By Danthatscool @DanScontras

Dance Moms: Counting Down Sparkly Dresses And Hot Messes. It’s Time For Abby’s Dance-a-Thon. Check Out The Worst To The Best Dances…Because She’s Abby And She Said So.

Dances are like donuts. Some are good. Some are bad. Some I’ve almost choked on.

Dance Moms: Counting Down Sparkly Dresses And Hot Messes. It’s Time For Abby’s Dance-a-Thon. Check Out The Worst To The Best Dances…Because She’s Abby And She Said So.

Cougar Rule #1: Mama should never shake what her Mama gave her. Ever.

Dance Moms: Counting Down Sparkly Dresses And Hot Messes. It’s Time For Abby’s Dance-a-Thon. Check Out The Worst To The Best Dances…Because She’s Abby And She Said So.

Drop it like it’s Hot. Because I’m Nia, and that’s how we do. Mmmkay?

Dance Moms: Counting Down Sparkly Dresses And Hot Messes. It’s Time For Abby’s Dance-a-Thon. Check Out The Worst To The Best Dances…Because She’s Abby And She Said So.

Oh. Hell. No. Bitch stole my moves? And my wig?
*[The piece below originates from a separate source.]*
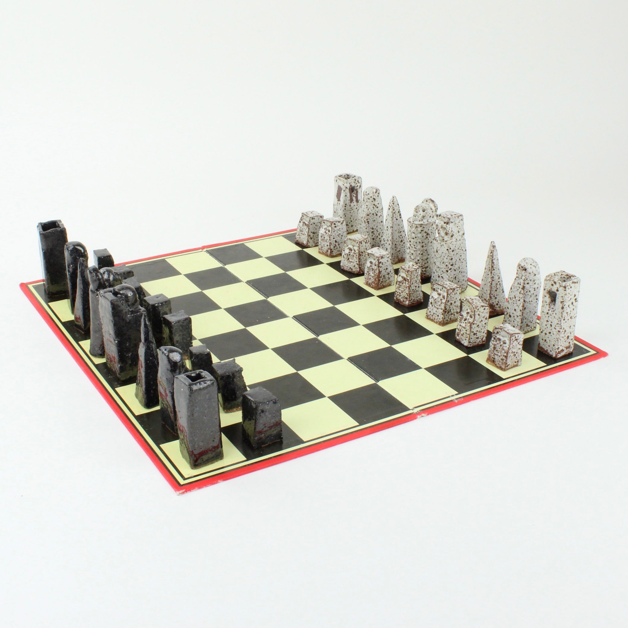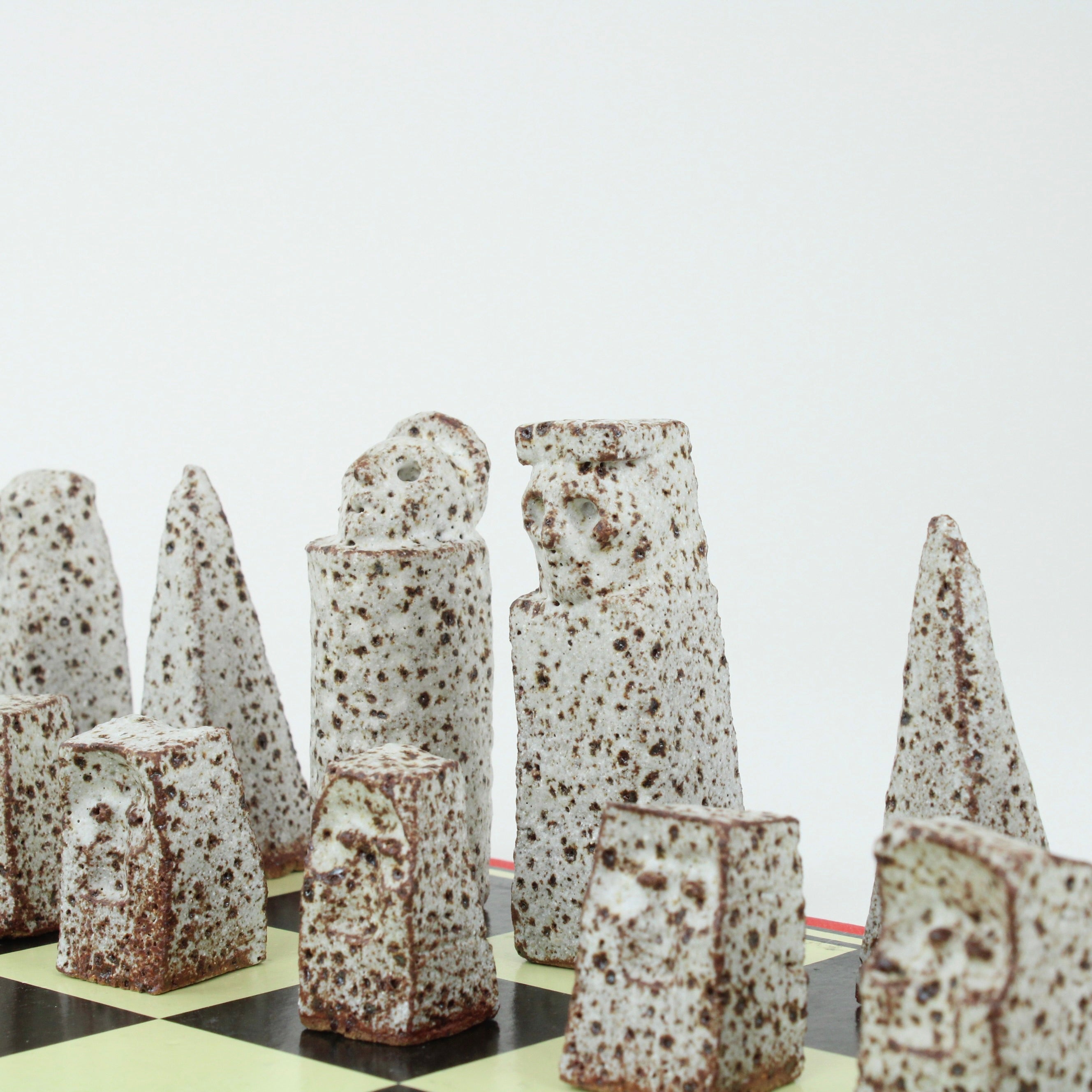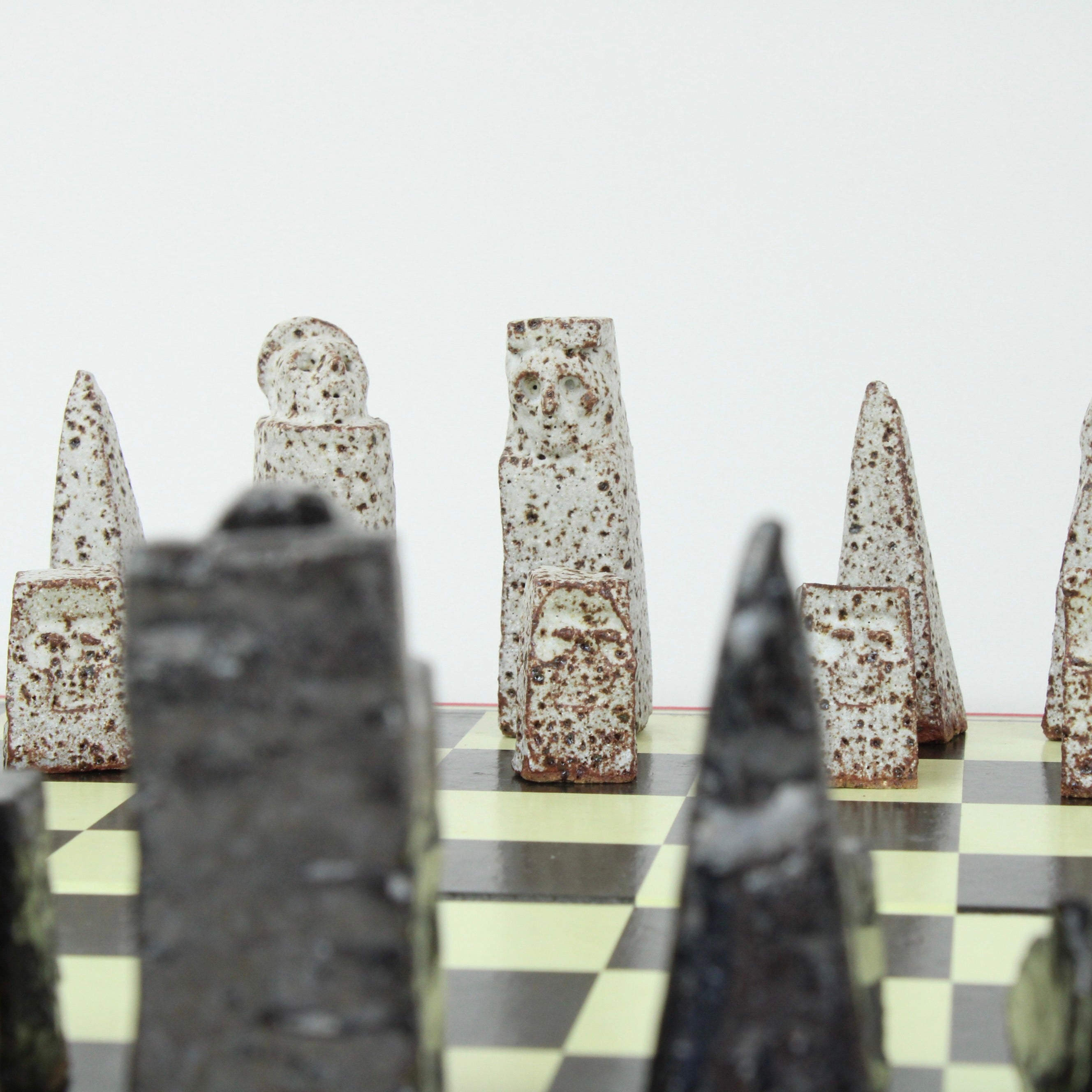 Individually handcrafted ceramic chess pieces form this hauntingly beautiful Chess Set sitting on a retro, vintage, original re-purposed chess set board

Dance Moms: Counting Down Sparkly Dresses And Hot Messes. It’s Time For Abby’s Dance-a-Thon. Check Out The Worst To The Best Dances…Because She’s Abby And She Said So.

Seriously. Shouldn’t there be a red light on the camera or something? Where is everybody?

Two things you can always count on.

Abby Lee Miller loves her Bare Minerals pearlized eye shadows…and Countdown Lists.

Seems like we just had an OMG Moment or two a few weeks ago, and now Ms. Miller was already back to check off her grocery list of dances ranging from stellar to sloppy.

Disguised as a rundown of Abby’s least to most favorite dance numbers over the past season or two, it was actually just a perfect opportunity to kick back in that crazy Liberace closet and talk smack about all the Moms while they were out of the room.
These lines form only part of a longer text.